4. Big Data (OBJ 1.8)
In this lesson, we’re going to discuss the impact of big data on enterprise security and privacy. So what is big data? Well, big data refers to data sets that are so large or so complex that traditional data processing applications are not sufficient to handle them. This data can be either structured or unstructured, and in our enterprise networks, we’re often buried in the amount of data that we could potentially collect in the operation of our businesses. When enterprises try to tackle the challenges associated with big data, they have to consider the three vs. Volume, velocity, and variety, because this does a good job of explaining the challenges that we’re going to face. The first V is volume. This refers to the sheer amount of data that’s being collected, processed, and stored by our systems.
The second v is velocity. This refers to the rapid influx of the data being collected, processed and stored by all of our systems. The third V is variety. This refers to the structured and unstructured nature of the data being collected, processed, and stored by our different systems. This can include text, audio, images, videos, or even encrypted data sources. Now, as big data moves through three main phases in its life cycle, it goes from generation to storage to processing. First, we have data generation, and this occurs from multiple sources and in multiple formats. Data generation can occur actively or passively. In active generation, the data owner will give the data to a third party.
But in passive generation, that data is simply generated due to the data owner performing normal online actions such as browsing a website or the website is collecting time spent on a given page or the buttons clicked, or other actions like that. To aid in the protection of privacy. During this phase, access restrictions and falsifying data techniques like anonymization can be used. Now, access restrictions can also be used by the data owner if they believe the data could uncover sensitive information that should not be shared. In this case, they’re going to refuse to provide that data to somebody else. For example, if you go to a website and ask if you want to allow only functional cookies or feature cookies or all cookies, you’re allowing or rejecting the level of cookies by setting those access restrictions.
If the data is being passively generated, though, the data owner is going to have to take additional actions to ensure their privacy. Things like using anti tracking extensions, script blockers, encryption tools, and anonymized. Browsing. Now, falsifying data involves distorting the data prior to it being received by that third party. For example, if you’re browsing the Internet and you’re using a Tour client, you’re going to be effectively distorting your real identity as the packets are routed and rerouted along different access points across the Tor network.
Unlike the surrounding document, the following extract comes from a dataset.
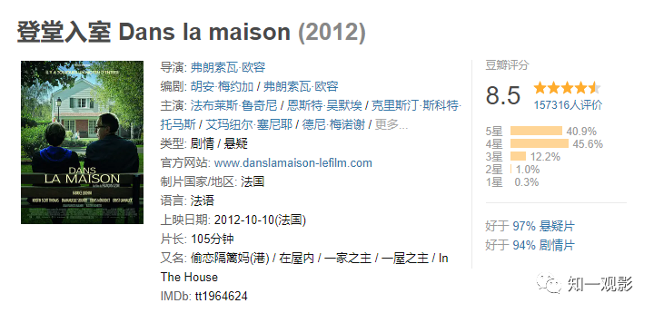 电影改编自西班牙舞台剧《最后一排的男孩》,导演巧妙拼接偷窥文学与扑朔迷离的现实断面,用似真似幻、充满层次感的创作故事挑战情欲道德禁区。本片入围法国凯撒奖六项大奖,获多伦多电影节国际影评人费比西奖和西班牙圣塞巴斯蒂安电影节最佳影片金贝壳奖,同时入选欧洲年度最佳电影之一。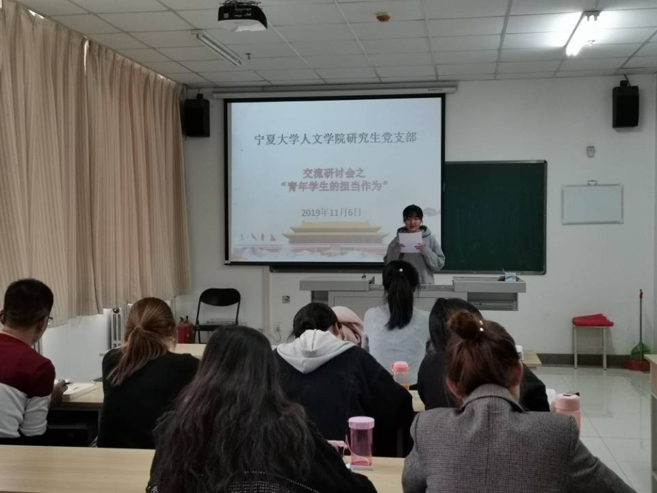 11月6日下午,人ok1188诸侯快讯官方研究生党支部于文荟楼717教室举行主题教育活动之“青年学生的担当作为”主题研讨会,大会由人ok1188诸侯快讯官方研究生党支部书记史春燕主持,支部全体党员参加了大会。

Now, the second phase of big data lifecycle is going to occur when the data is stored. Storing big data used to be a big challenge before the migration to the cloud and the advancements in data storage technologies that have come up because of that.
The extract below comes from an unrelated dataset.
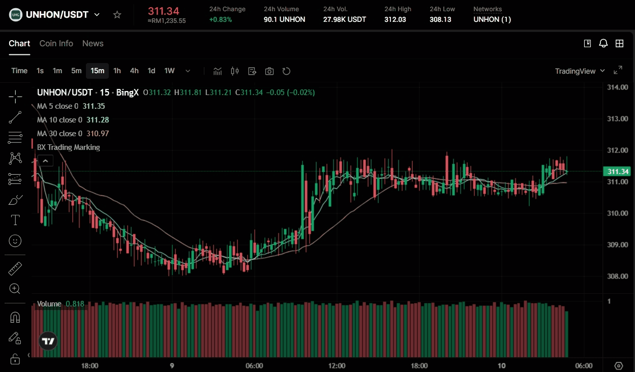 Paire de trading UNHON/USDT sur le marché spot BingX

Now, these days, our bigger concern that enterprises need to consider is how to best protect their big data stores, since a compromise of one of those stores could be truly disruptive because of the amount of personal information contained in most of these big data storage units. Often, big data is going to be segregated into different categories for storage, and this allows for a more distributed environment on several data sets, which does add to the complexity of implementing privacy protections for this data, but it does separate the data out into pieces. Now, to best protect the data, data owners need to implement file level data security schemes, database level security schemes, media level security schemes, and application level encryption schemes.
If you’re using the cloud to store your big data, you should also consider using attribute based encryption, homomorphic encryption, storage, path encryption, or rely on a hybrid cloud model for additional privacy. The third phase of the big data lifecycle occurs when data is being processed. Now, processing big data is usually done in one of four different system categories batch, stream, graph, and machine learning. Privacy protection is conducted using big data processing by dividing the protection into two phases. The first phase is to safeguard the information from an inadvertent or unsolicited disclosure, since the big data being processed could contain sensitive or private information about the data owner.
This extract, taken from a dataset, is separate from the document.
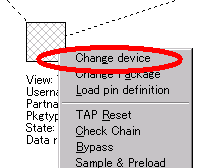 TE7720は最初、XC18V04として認識されますので、灰色の四角の上にマウスカーソルを合わせて右クリックし、プルダウンメニューが表示されたら「Change Device」を実行します。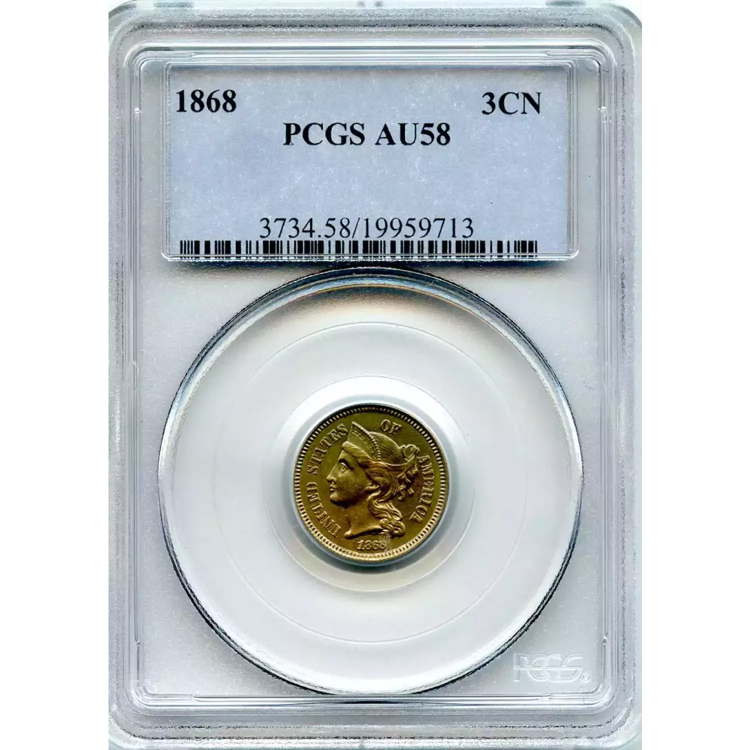 507648 | 1868-AU-58 Three Cent Pieces (Nickel) PCGS AU-58 | PCGS | AU-58 | Sold: 20/07/2014 | $100 |

The second phase is to extract meaningful information from the big data being processed without violating the privacy of the data owner. Now, to achieve this, the process of deidentification can be used. Deidentification is used to protect an individual’s privacy by sanitizing the data with generalized information or suppressing some of the private values before you release the data for processing or data mining. Now, with deidentification, though, you do have to worry about reidentification if you’re not adequately deidentifying your bid big data as you begin to process it.
5. Blockchain & Distributed Consensus (OBJ 1.8)
Lesson. We’re going to discuss the blockchain and the concept of distributed consensus. Most of us have heard of the blockchain by now, as it seems to become the big buzzword over the last five years in security. When people hear the word blockchain, most of us are going to immediately conjure up thoughts of bitcoin and cryptocurrency. Now cryptocurrency is a modern implementation of cryptography that relies on the blockchain and it’s a digital asset designed to function as a medium of exchange, essentially a digital version of money.
Now cryptocurrency has become quite popular in recent years due to the fact that it is decentralized and does not rely on any one government or economy for its strength. Cryptocurrencies rely on a peer to peer network to process transactions through a distributed ledger known as the blockchain. Each piece of a digital currency is simply the result of an encryption process that relies upon public key cryptography. Now, it’s important to realize that the blockchain is used for more than just cryptocurrencies, though. But for right now, let’s take a quick look at how the blockchain works in cryptocurrencies. Before we explain how blockchain can be used in enterprises and other organizations, let’s assume that I want to send some money to you.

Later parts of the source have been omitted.